(Data extracted from a collection)
^^^^^^^^^^^^^^^^

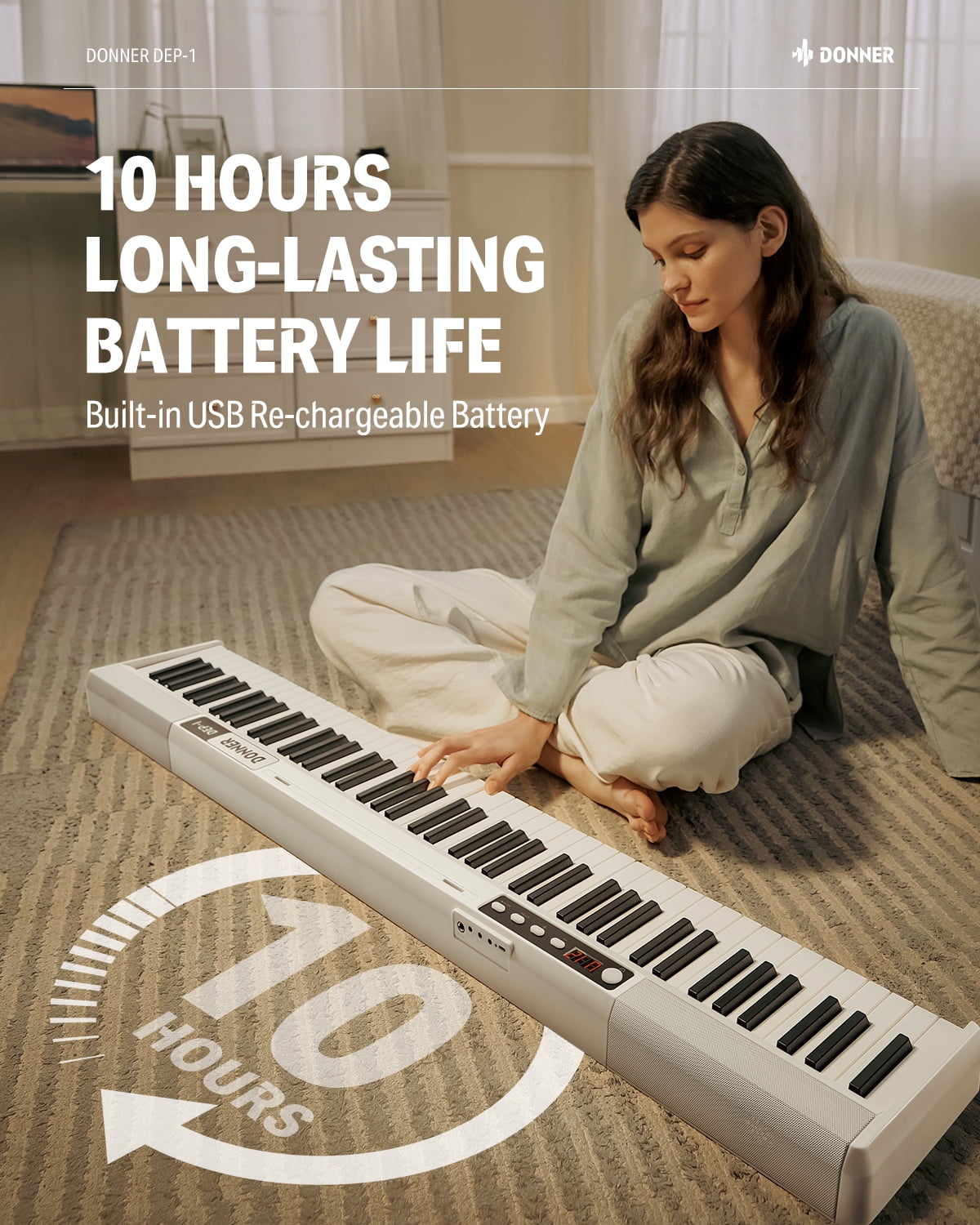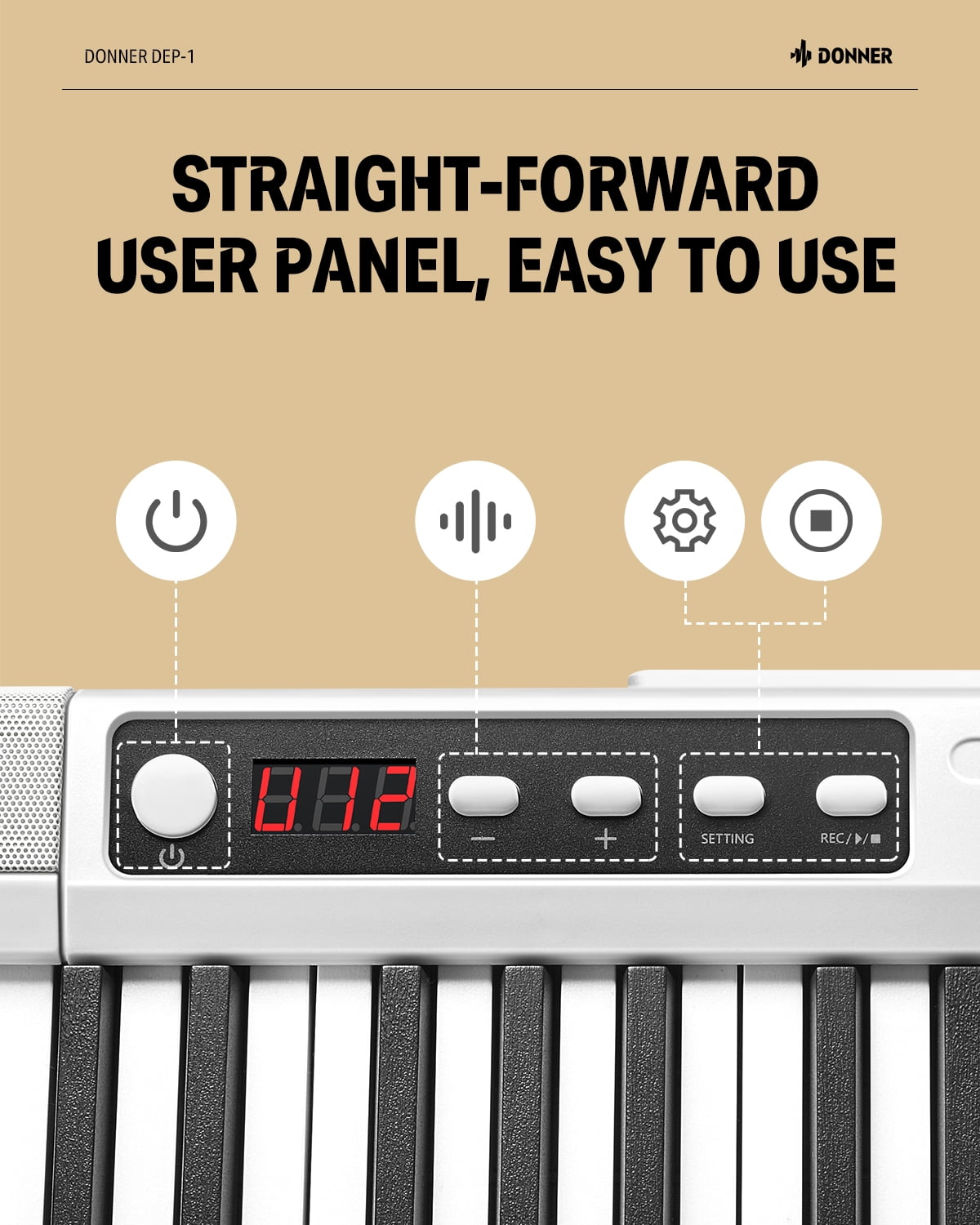 Beginner Digital Keyboard: The DEP-1 keyboard piano features 88 full-sized, velocity-sensitive keys, providing excellent key feedback for beginners. The dynamic keys ensure a certain rebound speed, allowing you to savor the lively dance of notes as your fingertips move freely. Vibrant & Dynamic Sound: The 88 key keyboard comes with a variety of features, including built-in auto-chord and adjustable reverb effects. It offers 128 tones, 20 demos, and 128 rhythms, allowing you to explore a wide range of music styles. Versatile Features: Wireless Audio feature allows the electric keyboard to function as a player. Wireless MIDI enables the connected software to send/receive MIDI signals, connecting to smart apps for functions like chord accompaniment and more. Enhanced Portability: The DEP-1 electronic keyboard weighs a mere 7 kg, featuring sleek and smooth lines. The piano body is light but solid, making it suitable for indoor practice, outdoor performance, and easy storage with a carrying case.
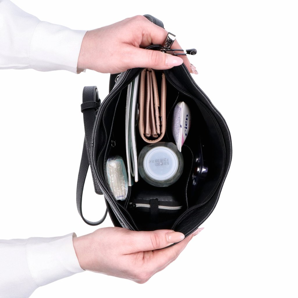 - Uvnitř jsou dvě kapsy a jedna kapsa na zip.
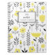 Carnet d'inspiration lunaire et scandinave. Il présente un motif floral noir et jaune. Personnalisez en ajoutant votre nom ou votre courte phrase. Ce carnet floral sera parfait comme cadeau personnalisé. Des éléments correspondants sont disponibles.
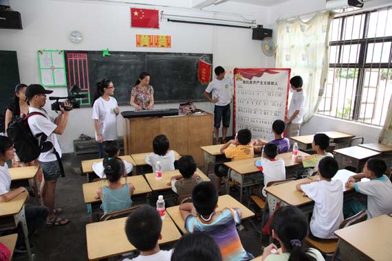 7月3日,艺术小分队到台山市水步镇中心小学开展艺术教育支教活动。在支教课堂上,艺术小分队的同学指导30名小学生演唱《中国少先队队歌》、《红星歌》等红色歌曲;同时还向家庭贫困的小学生赠送了书包等学习用具。
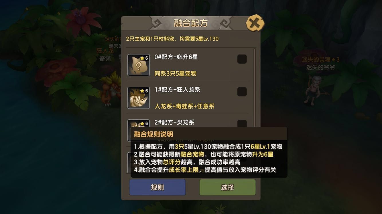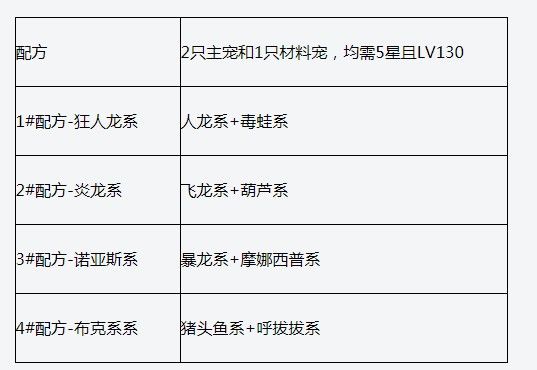 ①基础系别宠物,可以3只融合成1只高级系别宠物(2只不同系的主宠+1只任意系材料宠),均要求5星130级;
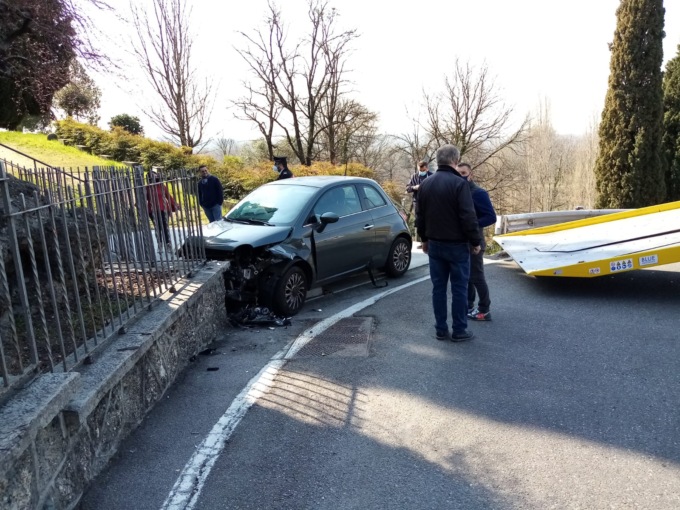 Incidente stradale questa mattina intorno alle 9.30 sui tornanti della collina di Tabiago. Coinvolta nell’incidente, avvenuto per cause da accertare, una Fiat 500 grigia che transitava in direzione Cibrone. L’auto si é schiantata in curva, in corrispondenza della grotta della Madonnina posta sotto la chiesa di Tabiago. Il conducente, un 75enne di Nibionno, ha perso conoscenza per diversi minuti ed é stato soccorso da un’autoambulanza della croce Verde di Bosisio Parini. Fortunatamente le condizioni dell’anziano si sono rivelate meno gravi del previsto e l’uomo è stato trasportato in codice verde all’ospedale di Erba. Sul posto per i rilievi e la viabilità i Carabinieri della stazione di Costa Masnaga e il personale della Polizia Locale. Sul luogo dell’incidente anche il vicesindaco Roberto Gemetto.
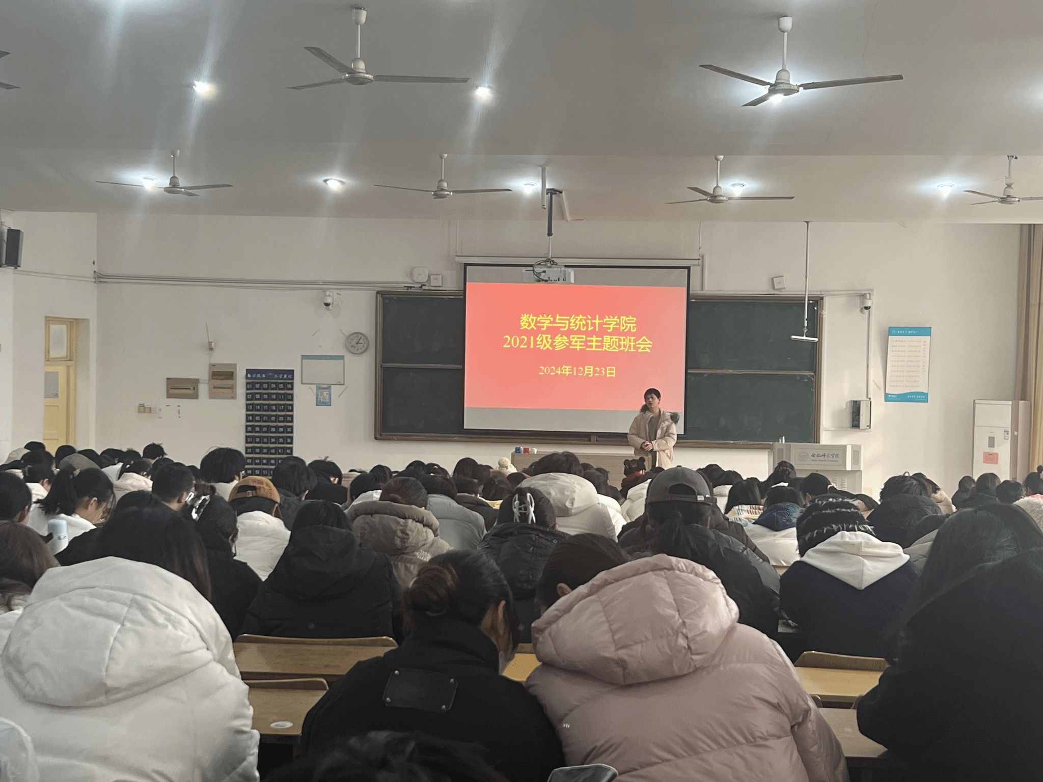 为做好老员工征兵宣传工作,引导和激励优秀毕业生积极参军入伍,12月23日,WilliamHill中文官方网站毕业生应征入伍宣讲主题班会在博约楼A108召开,2021级全体同学参加,会议由辅导员曾飞主持。

^^^^^^^^^^^^^^^^

Problem
Above are records with pictures; repeat them exactly, but without the pictures.

Reply to the task
 Beginner Digital Keyboard: The DEP-1 keyboard piano features 88 full-sized, velocity-sensitive keys, providing excellent key feedback for beginners. The dynamic keys ensure a certain rebound speed, allowing you to savor the lively dance of notes as your fingertips move freely. Vibrant & Dynamic Sound: The 88 key keyboard comes with a variety of features, including built-in auto-chord and adjustable reverb effects. It offers 128 tones, 20 demos, and 128 rhythms, allowing you to explore a wide range of music styles. Versatile Features: Wireless Audio feature allows the electric keyboard to function as a player. Wireless MIDI enables the connected software to send/receive MIDI signals, connecting to smart apps for functions like chord accompaniment and more. Enhanced Portability: The DEP-1 electronic keyboard weighs a mere 7 kg, featuring sleek and smooth lines. The piano body is light but solid, making it suitable for indoor practice, outdoor performance, and easy storage with a carrying case.
 - Uvnitř jsou dvě kapsy a jedna kapsa na zip.
 Carnet d'inspiration lunaire et scandinave. Il présente un motif floral noir et jaune. Personnalisez en ajoutant votre nom ou votre courte phrase. Ce carnet floral sera parfait comme cadeau personnalisé. Des éléments correspondants sont disponibles.
 7月3日,艺术小分队到台山市水步镇中心小学开展艺术教育支教活动。在支教课堂上,艺术小分队的同学指导30名小学生演唱《中国少先队队歌》、《红星歌》等红色歌曲;同时还向家庭贫困的小学生赠送了书包等学习用具。
 ①基础系别宠物,可以3只融合成1只高级系别宠物(2只不同系的主宠+1只任意系材料宠),均要求5星130级;
 Incidente stradale questa mattina intorno alle 9.30 sui tornanti della collina di Tabiago. Coinvolta nell’incidente, avvenuto per cause da accertare, una Fiat 500 grigia che transitava in direzione Cibrone. L’auto si é schiantata in curva, in corrispondenza della grotta della Madonnina posta sotto la chiesa di Tabiago. Il conducente, un 75enne di Nibionno, ha perso conoscenza per diversi minuti ed é stato soccorso da un’autoambulanza della croce Verde di Bosisio Parini. Fortunatamente le condizioni dell’anziano si sono rivelate meno gravi del previsto e l’uomo è stato trasportato in codice verde all’ospedale di Erba. Sul posto per i rilievi e la viabilità i Carabinieri della stazione di Costa Masnaga e il personale della Polizia Locale. Sul luogo dell’incidente anche il vicesindaco Roberto Gemetto.
 为做好老员工征兵宣传工作,引导和激励优秀毕业生积极参军入伍,12月23日,WilliamHill中文官方网站毕业生应征入伍宣讲主题班会在博约楼A108召开,2021级全体同学参加,会议由辅导员曾飞主持。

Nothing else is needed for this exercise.